EDTA Panel Discusses Charging Solutions

By · June 27, 2013

Nissan Fast Charger

The Nissan LEAF has sold more than 28,000 units in the United States since its launch here, and the pace of sales is accelerating. Expanded charging infrastructure has played a “huge role” in that growth, said Brendan Jones, director, electric vehicle infrastructure strategy for Nissan North America.

Jones was one of a three-member panel that also included Karen Glitman, director of transportation efficiency for the Vermont Energy Investment Corp., and Kevin Mull, vice president of business development, EV solution for Bosch Automotive Service Solutions. They answered media question through an online press conference sponsored by the Electric Drive Transportation Association.

The takeaway? There are more chargers to choose from than models of plug-in electric vehicles right now, and no one has yet found a way to monetize public charging. For now, it will mostly remain free.

Nissan focuses on three areas in expanding infrastructure, said Jones: Home, public, and workplace charging. The majority of owners still charge at home with a Level 2, 240V charger. That fact makes aggressive expansion of public charging seem unnecessary, he said. But, in areas such as San Francisco where PEV ownership is high there is not enough public charging infrastructure, said Jones.

“Nissan needs to help alleviate that,” he said. The automaker has 263 DC fast chargers in the ground right now, mainly in areas where LEAF sales are high; it aims for 600 by March 31, the end of Nissan’s fiscal year, said Jones. Most of these installations will be DC fast chargers, but Nissan will use Level 2 charging “where it makes sense,” he said.

Nissan also has a workplace charging business-to-business team working with corporations to make sure their infrastructure is right for charging stations and finding partners for them to work with. It also educates companies about EVs in general, and Nissan is seeing sales take off in markets that last year weren’t strong such as Atlanta and St. Louis, said Jones.

Who Pays for the Juice?

Now that federal funding for installation of public charging has mostly ended, private funds are paying for most of the installation, he said. But who pays for the electricity that is used to recharge the cars? Individual host sites are prevented by law from selling electricity. Several business models are possible, suggested Jones. He didn’t elaborate, however.
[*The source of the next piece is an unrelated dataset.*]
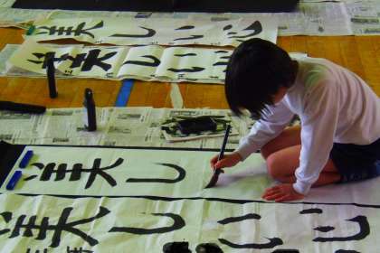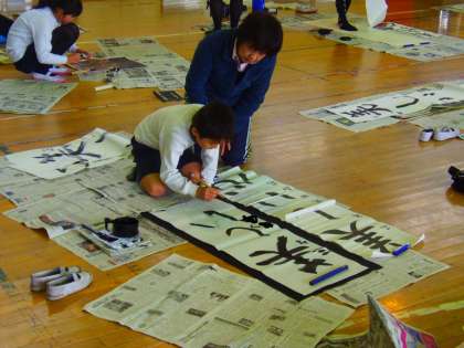 書き初め会(3年) 公開日 2019/01/10 更新日 2019/01/10 できごと 1月10日(木)1〜2校時目、3年生の書き初め会が行われました。ストーブをつけても寒さが厳しい体育館の中、子どもたちは集中して書き初めに取り組みました。書く字は「美しい心」。12月の授業や冬休みの宿題でも取り組んだ成果を生かし、子どもたちは一画一画とてもていねいに書いていました。とても頑張っていました。 いいね(0)

Karen Glitman, director of transportation efficiency for the Vermont Energy Investment Corp., said that payment for the electricity varies on a case-by-case basis in Vermont. Glitman’s organization manages the Drive Electric Vermont program, which last week announced the formation of a green corridor between Burlington, VT and Quebec, Canada. The 138-mile corridor, which is under construction, will have 19 active stations. It is the first of several border crossing green corridors planned, said Glitman. “Travel is not constrained by political boundaries,” she said.

Private funds and utilities paid for most of the stations on the green corridor, said Glitman. As for who will pay for the electricity, many of the charging points are at retailers and there is a business case for having free charging at a store, she said. Studies show that EV drivers spend 300 percent more time in a store and are twice as likely to return, said Glitman, so the retailers themselves will likely be happy to foot the electricity bill.

Where utilities are paying for the electricity, a charge will likely be added in the future, she said. “The sense is this is a temporary condition with these network system and eventually a charge will be assessed.”

Bosch is focused on providing Level 2 residential charging because analysis shows that up to 80 percent charging today takes place at home, said Kevin Mull, vice president of business development, EV Solutions, for Bosch Automotive Service Solutions. Bosch recently introduced the $449 Power Max home charging unit, and has also partnered with Evatran Group Inc. to provide wireless home charging.